- [RECORDS SHOWN]:
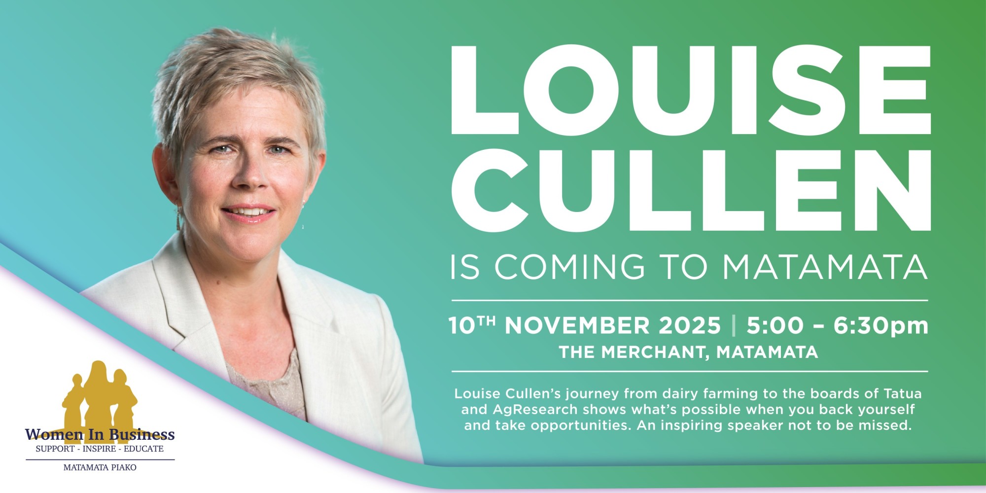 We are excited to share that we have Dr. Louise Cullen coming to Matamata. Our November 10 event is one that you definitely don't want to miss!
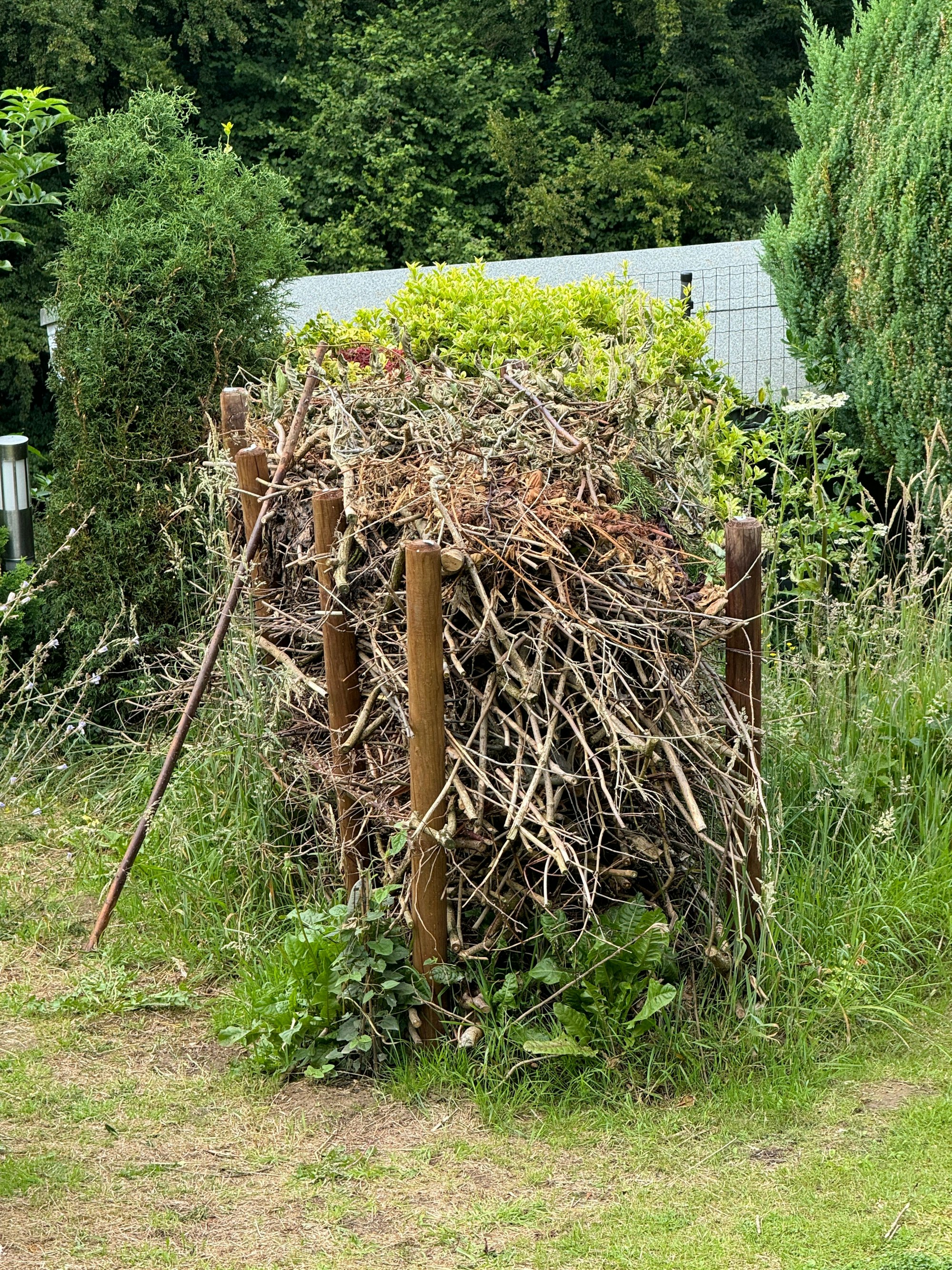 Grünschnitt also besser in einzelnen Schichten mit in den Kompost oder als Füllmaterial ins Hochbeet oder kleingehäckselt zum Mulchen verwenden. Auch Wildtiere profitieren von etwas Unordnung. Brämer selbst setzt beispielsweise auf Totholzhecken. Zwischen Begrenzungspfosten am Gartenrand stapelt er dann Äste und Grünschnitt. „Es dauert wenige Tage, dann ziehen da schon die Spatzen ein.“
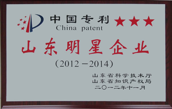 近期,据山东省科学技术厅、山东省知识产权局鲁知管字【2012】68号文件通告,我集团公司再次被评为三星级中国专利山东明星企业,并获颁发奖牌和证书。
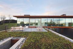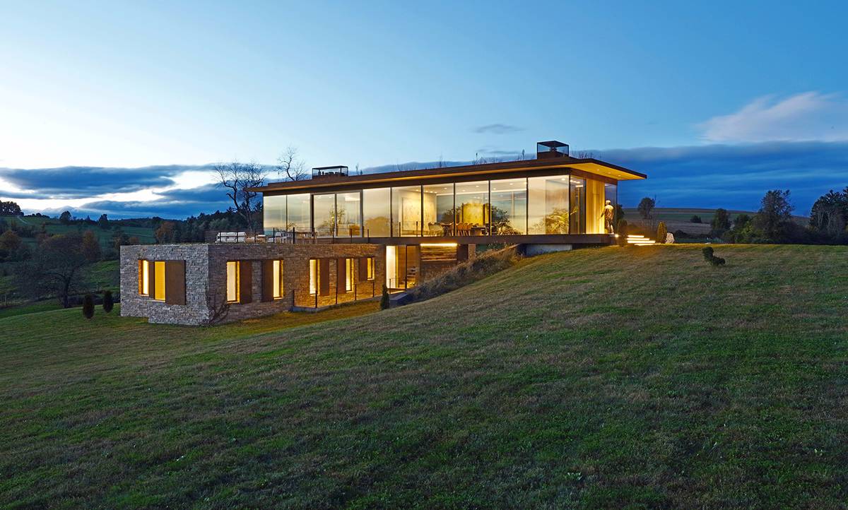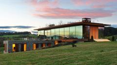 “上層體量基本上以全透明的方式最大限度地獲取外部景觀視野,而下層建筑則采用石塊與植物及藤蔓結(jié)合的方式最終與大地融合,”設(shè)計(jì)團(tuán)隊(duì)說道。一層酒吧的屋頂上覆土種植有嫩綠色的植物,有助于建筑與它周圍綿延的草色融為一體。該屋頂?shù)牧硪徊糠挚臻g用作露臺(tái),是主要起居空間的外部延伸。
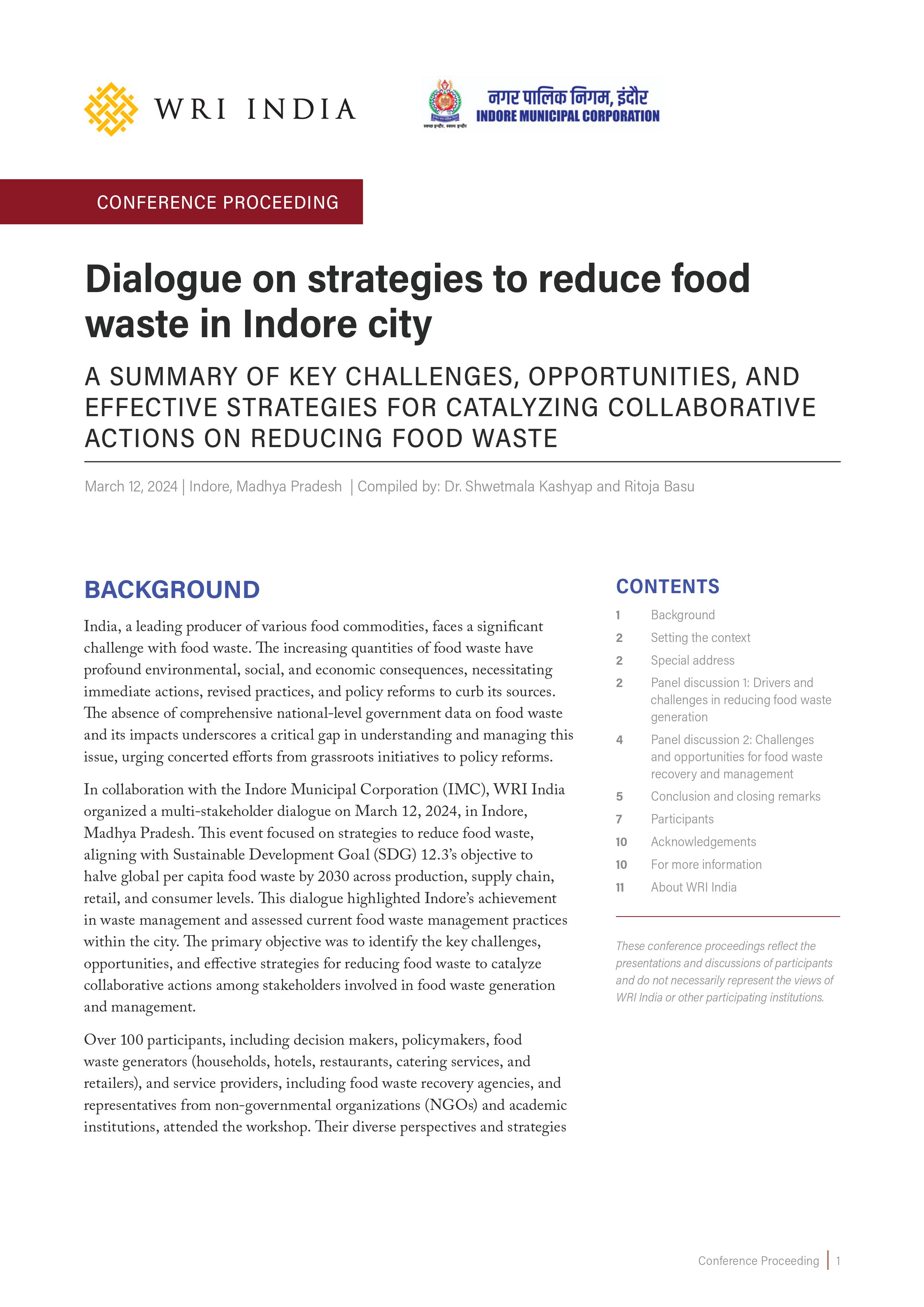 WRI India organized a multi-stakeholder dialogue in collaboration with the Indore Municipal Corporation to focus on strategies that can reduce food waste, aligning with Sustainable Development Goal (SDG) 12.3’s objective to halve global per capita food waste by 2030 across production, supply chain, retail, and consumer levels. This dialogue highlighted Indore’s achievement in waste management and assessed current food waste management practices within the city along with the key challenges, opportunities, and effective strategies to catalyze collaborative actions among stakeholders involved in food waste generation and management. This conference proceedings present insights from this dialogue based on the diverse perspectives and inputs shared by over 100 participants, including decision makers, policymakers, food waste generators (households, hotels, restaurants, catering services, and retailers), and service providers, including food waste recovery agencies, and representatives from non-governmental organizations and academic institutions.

--

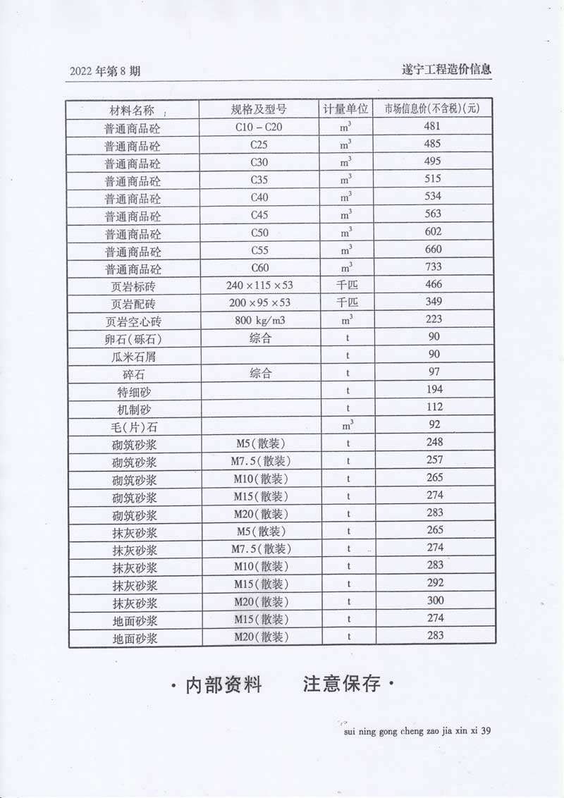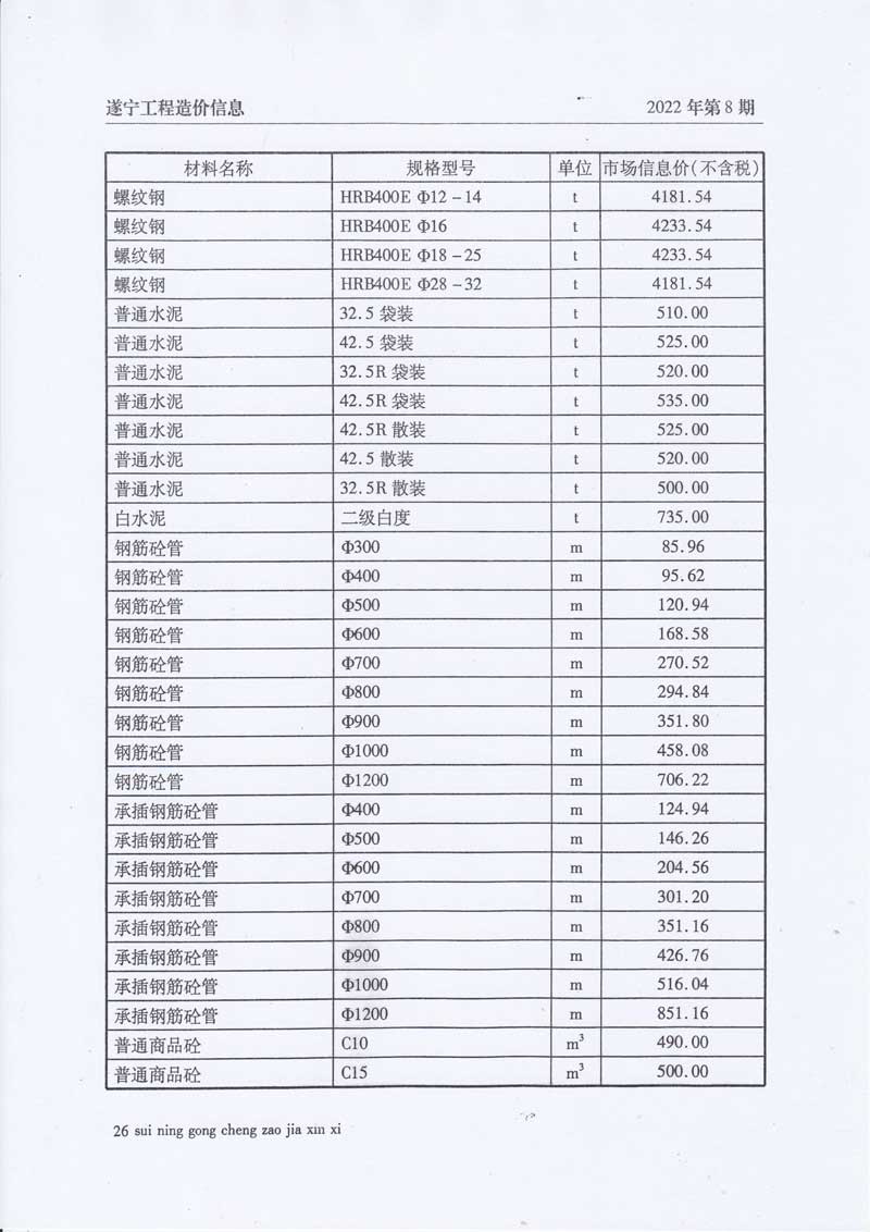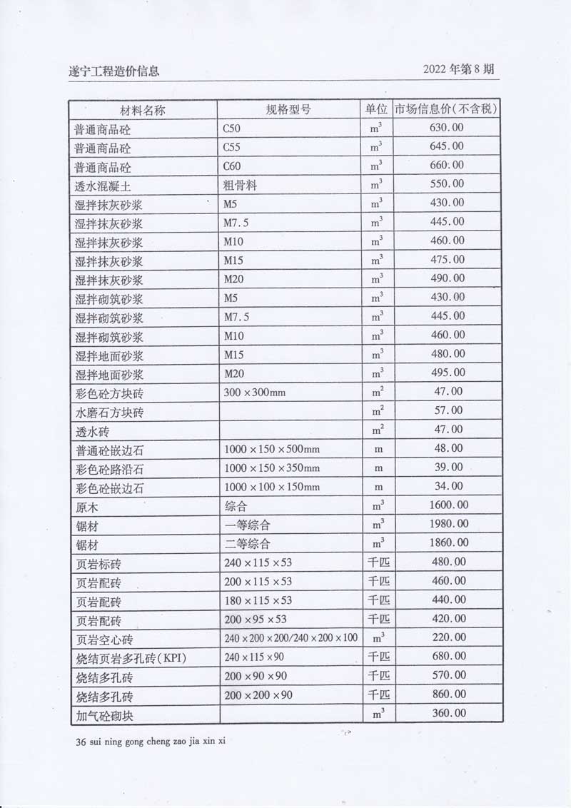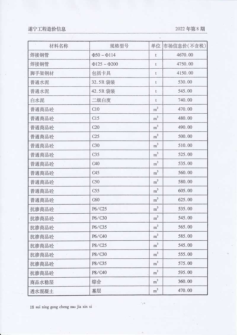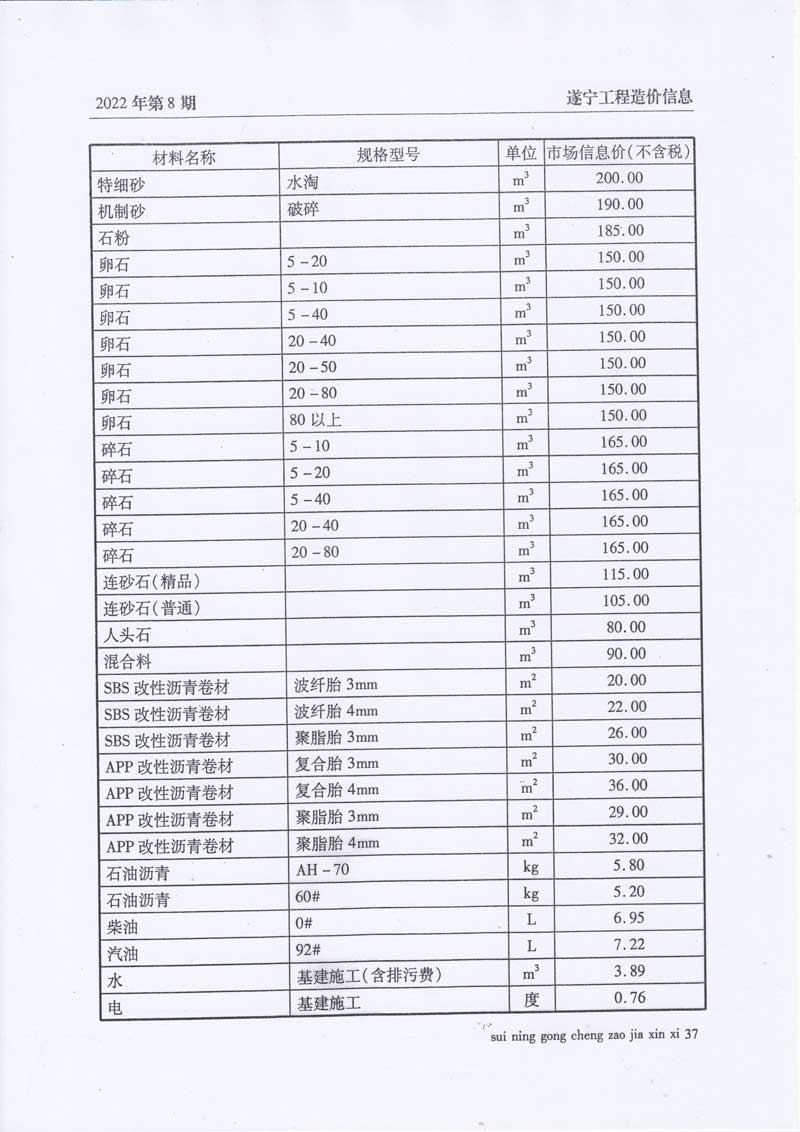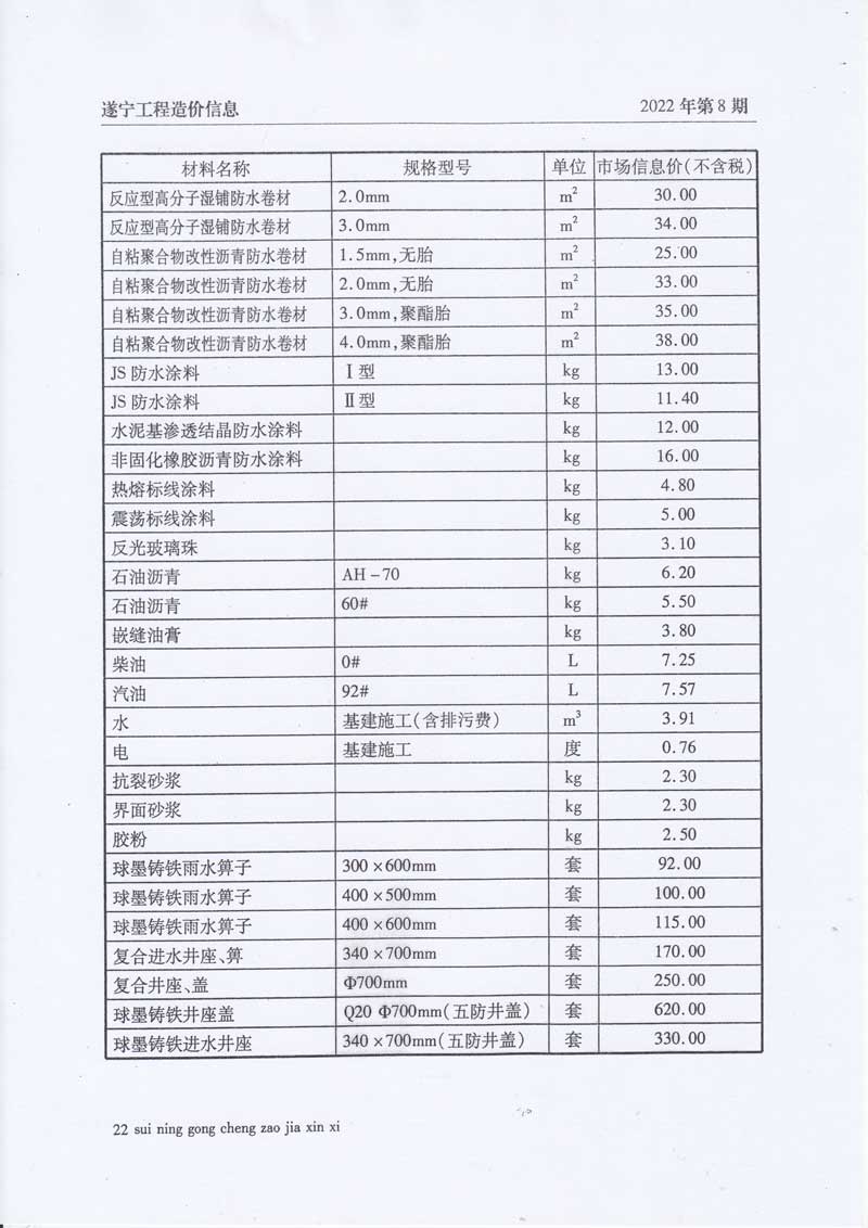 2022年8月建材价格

- [WHAT THE TASK ASKS]:
Using the listing above, restate exactly the range between the lines holding "We are excited" and "近期,据山东省科学技术厅、山", inclusive, with pictures left out.

- [RESPONSE BELOW]:
 We are excited to share that we have Dr. Louise Cullen coming to Matamata. Our November 10 event is one that you definitely don't want to miss!
 Grünschnitt also besser in einzelnen Schichten mit in den Kompost oder als Füllmaterial ins Hochbeet oder kleingehäckselt zum Mulchen verwenden. Auch Wildtiere profitieren von etwas Unordnung. Brämer selbst setzt beispielsweise auf Totholzhecken. Zwischen Begrenzungspfosten am Gartenrand stapelt er dann Äste und Grünschnitt. „Es dauert wenige Tage, dann ziehen da schon die Spatzen ein.“
 近期,据山东省科学技术厅、山东省知识产权局鲁知管字【2012】68号文件通告,我集团公司再次被评为三星级中国专利山东明星企业,并获颁发奖牌和证书。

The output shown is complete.